Two new PhGs and seven known compounds were identified. Biological assays demonstrated distinct activity patterns: compounds 3–6 and their aglycones consistently enhanced tyrosinase activity, whereas compound 7 displayed potent inhibition, comparable to established inhibitors. Notably, two new PhGs exhibited concentration-dependent dual effects—weak inhibition at lower concentrations and marked activation at higher levels. Structural analysis revealed that the inhibitory activity of compound 7 stemmed from its caffeoyl moiety, which stabilized interactions with the enzyme’s active site through aromatic stacking and metal coordination. In contrast, activating PhGs likely function as substrates, promoting enzymatic turnover.

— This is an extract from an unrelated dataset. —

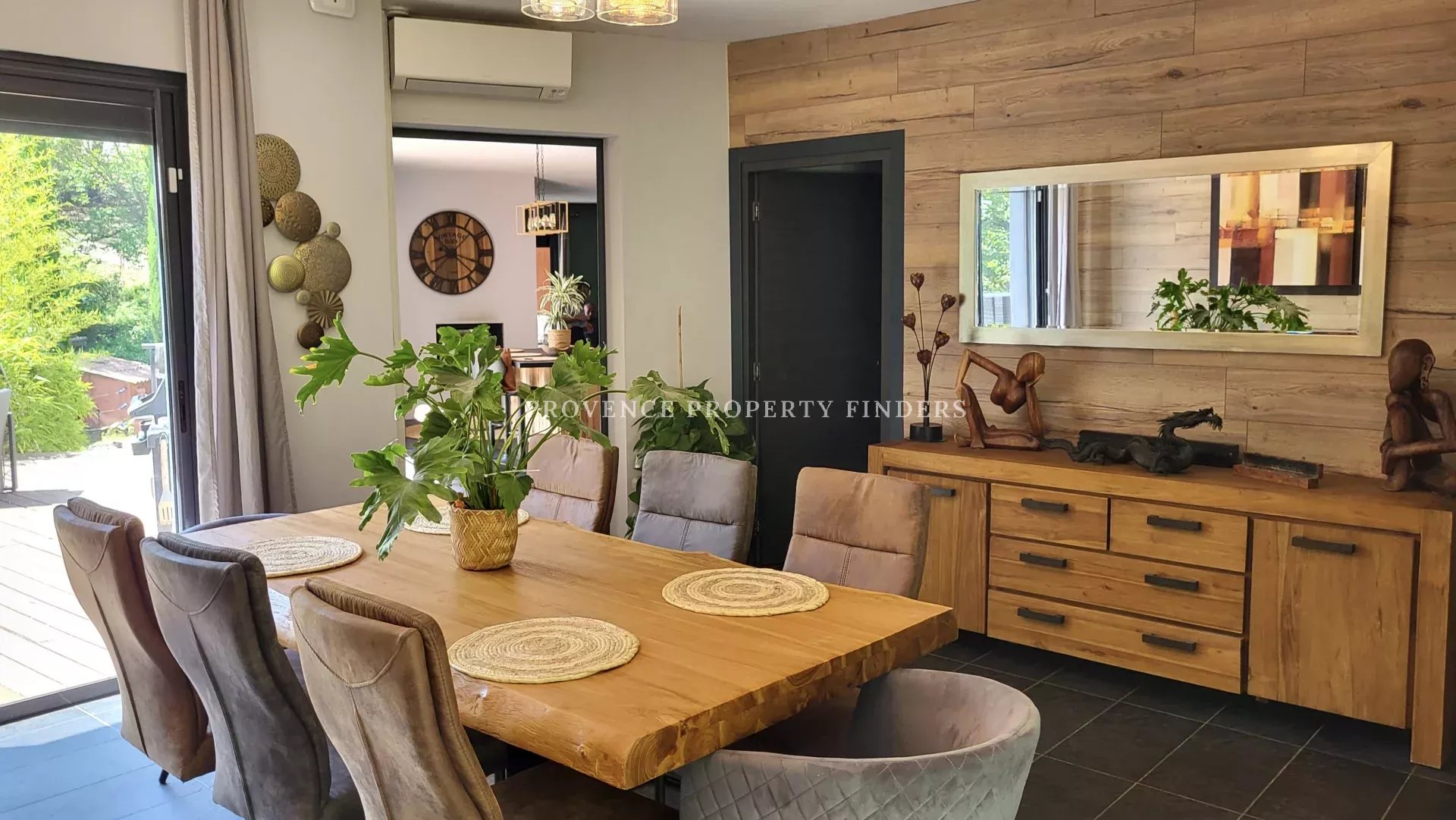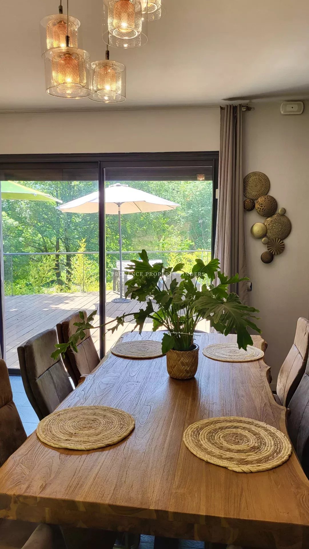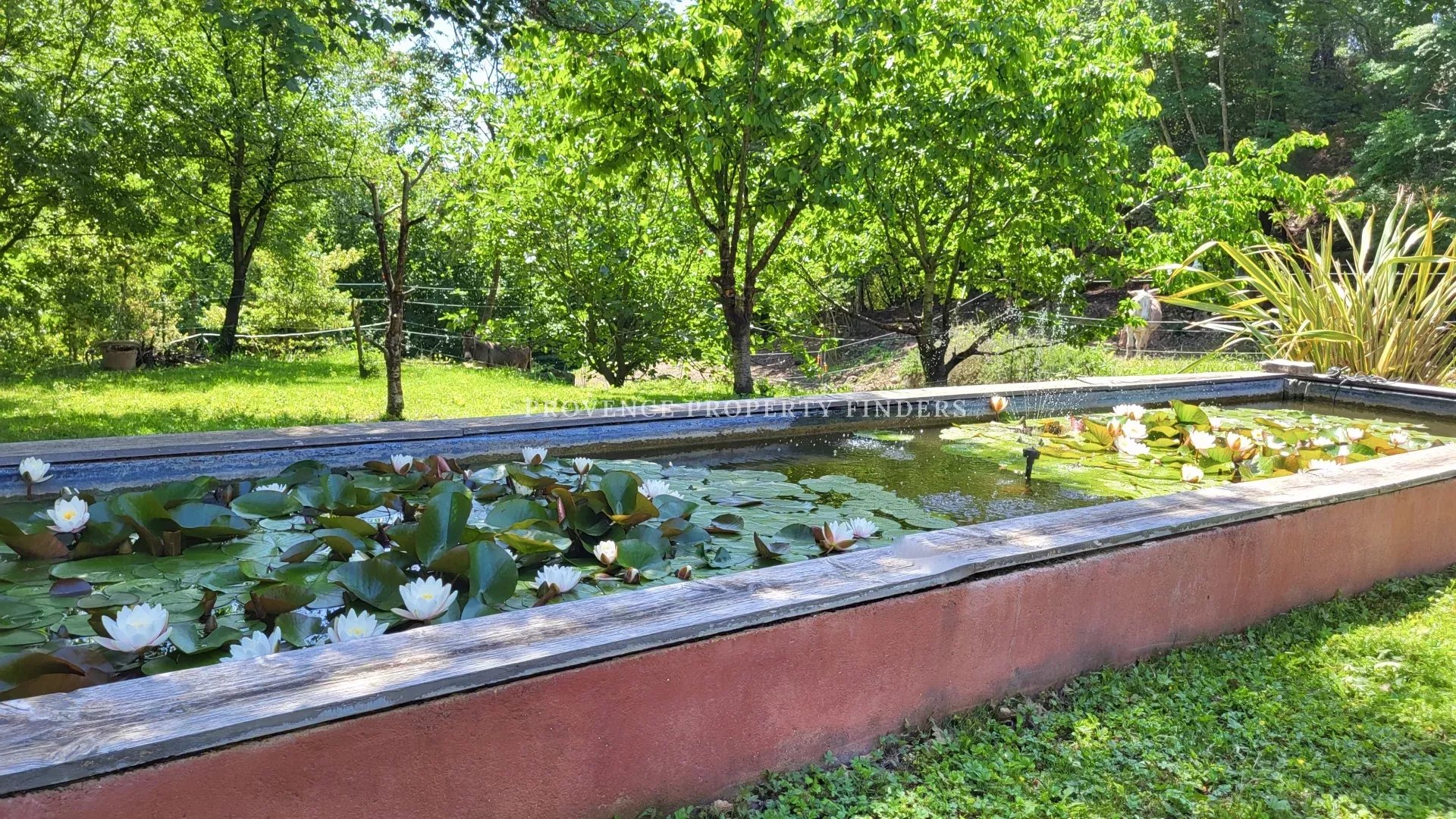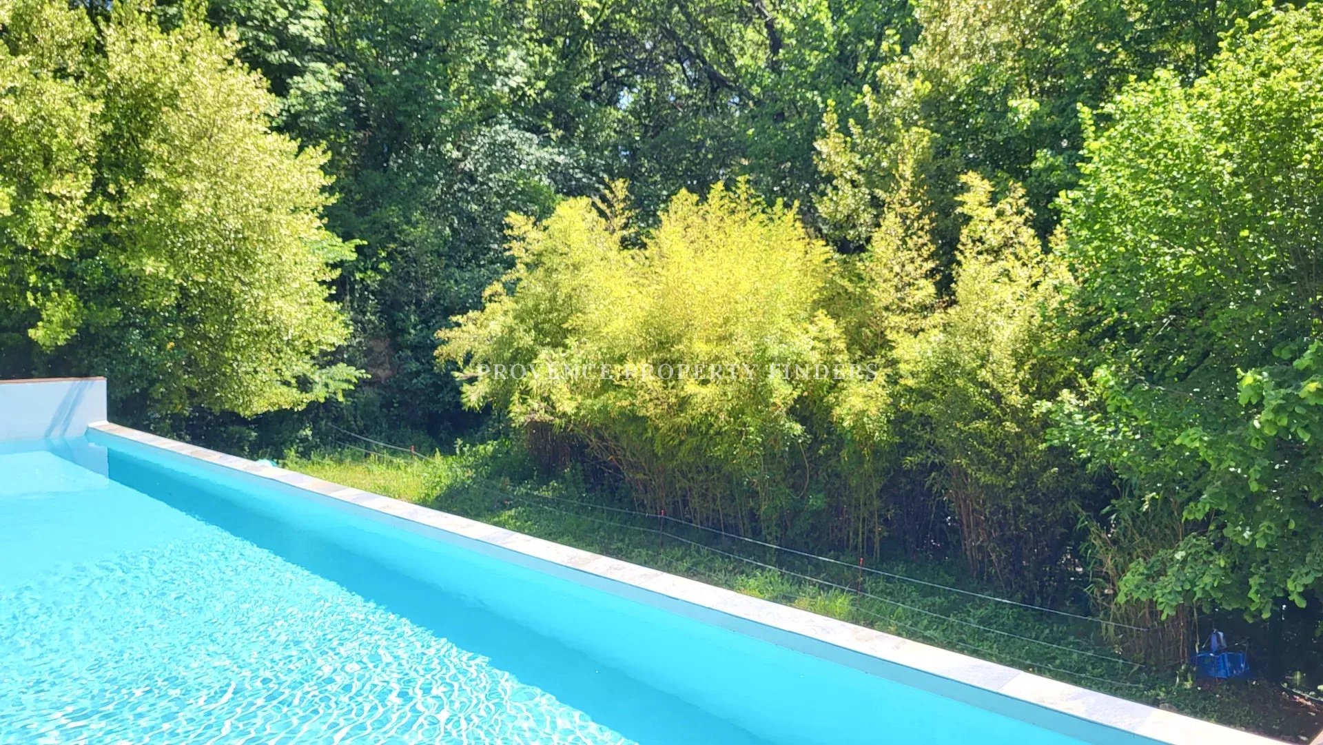 une maison d'architecte à vendre dans le sud de la France. Ambiance tropicale, 4 chambres, 3 salles de bains, cuisine ouverte, salon avec cheminée, salle à manger, belle terrasse donnant sur le jardin, l'étang et la piscine. Climatisation dans toutes les pièces, cuisine équipée, une cave et un grand garage. La maison est actuellement occupée et divisée en deux parties. Une moitié est transformée en appartement pour un membre de la famille, comprenant 2 chambres, 2 salles de douche et un espace de vie ouvert avec kitchenette. Bel environnement calme, mais non isolé.

The observed tyrosinase activation aligns with alpine plants’ need to upregulate melanogenesis for UV protection, as melanin absorbs harmful radiation and neutralizes reactive oxygen species. Conversely, the inhibitory effect of compound 7 suggests a regulatory mechanism to prevent oxidative overload during prolonged UV exposure. This dual modulation, involving activation for acute stress response and inhibition of homeostasis, highlights an evolutionary balance critical for survival in extreme environments.